The ride is the same as always: his hand warm on my thigh, my arms locked around his waist, cheek between his shoulders. I keep my grip high, above the gauze on his left side, and he doesn't comment on the adjustment. His grip tightens on my leg when he leans into turns, and I squeeze around him to match.

When we roll into the lot and he kills the engine, he shifts once before letting out a low breath. "You do that on purpose," he mutters, adjusting himself as though this isn't a recurring occupational hazard.

I slide off, innocent as sin. "I'm literally just holding on."

Knox swings off, pulls my helmet free, and catches my wrist to tug me back for a quick, possessive kiss that says he knows better.

The clubhouse is awake. Voices overlap, footsteps on concrete, mugs clink, coffee maker works overtime. It smells of oil, caffeine, old wood, and whatever got fried too early. Crooked and loud and ours.

Knox's hand is on my lower back. I lean into it, letting my body answer with the kind of trust that still feels a risk.

Malachi and Candace at the table, heads bent together, quiet in a way that means serious but not sharp, as though they've learned the difference between urgency and panic. Darla is perched beside East, who has his arm hooked loosely around the back of her chair as though he's daring someone to comment. Frankie sits a little apart, pen tapping her notebook, eyes cataloguing everything and nothing. Maggie and James argue softly about whether it's too early for chili. Kyle stands near the door on instinctual guard duty. Rider's by the wall, still and watchful, fitting in without trying. New patch, old calm.

Nash looks as though he's already lost a fight and hasn't figured out how.

Knox takes the seat beside Malachi without being asked. I sit where his knee can press into mine.

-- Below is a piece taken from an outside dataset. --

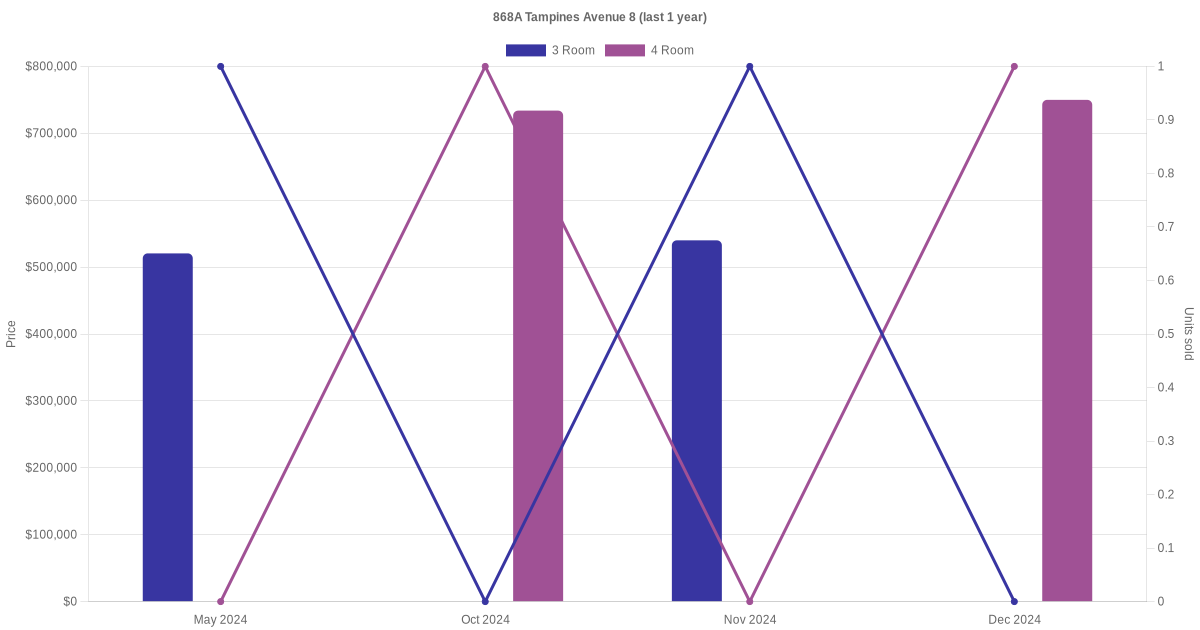 Below is a quick summary of the resale transactions volume and average price trends for the 3 room and 4 room units at 868A Tampines Avenue 8.

Ruby's voice carries in from outside, bright and pleased and weaponized in that way only Ruby can manage. "Oh, don't look so tense. You'll pull something."

Every muscle in Nash locks. The door swings open.

Ruby walks in owning the room, which honestly she kind of does, and there's a rope in her hand. She's been sending goat photos to the group chat for a week, Googling fencing options for three days, and I still didn't think she'd actually do it.

But she did it. Because she's Ruby.

At the other end of the rope is a goat.

For a heartbeat, no one speaks. Even the coffee maker seems to hesitate. The goat blinks once, unimpressed, surveying theclubhouse with the energy of a creature that has already decided everyone here is beneath it.

Ruby beams. "I'd like you all to meet Nasty Nash Jr."

The silence is thick enough to choke on.

Malachi exhales through his nose, eyes narrowing the way they do when he's deciding whether a problem is worth shooting or just banning from the premises. "I'm not cleaning up after that thing."

Nash turns, as though the movement might hurt him. "You named it what?"

The goat trots forward and headbutts Nash directly in the knee. Hard. The sound is dull and personal; his whole leg jerks as though the impact traveled through bone into pride.

I clamp a hand over my mouth. Knox doesn't bother. His shoulder shakes as he huffs a laugh into my temple, amusement vibrating through him.

Ruby is radiant. She looks the way Christmas morning would if Christmas was petty and feral. "He likes you. Bonding moment."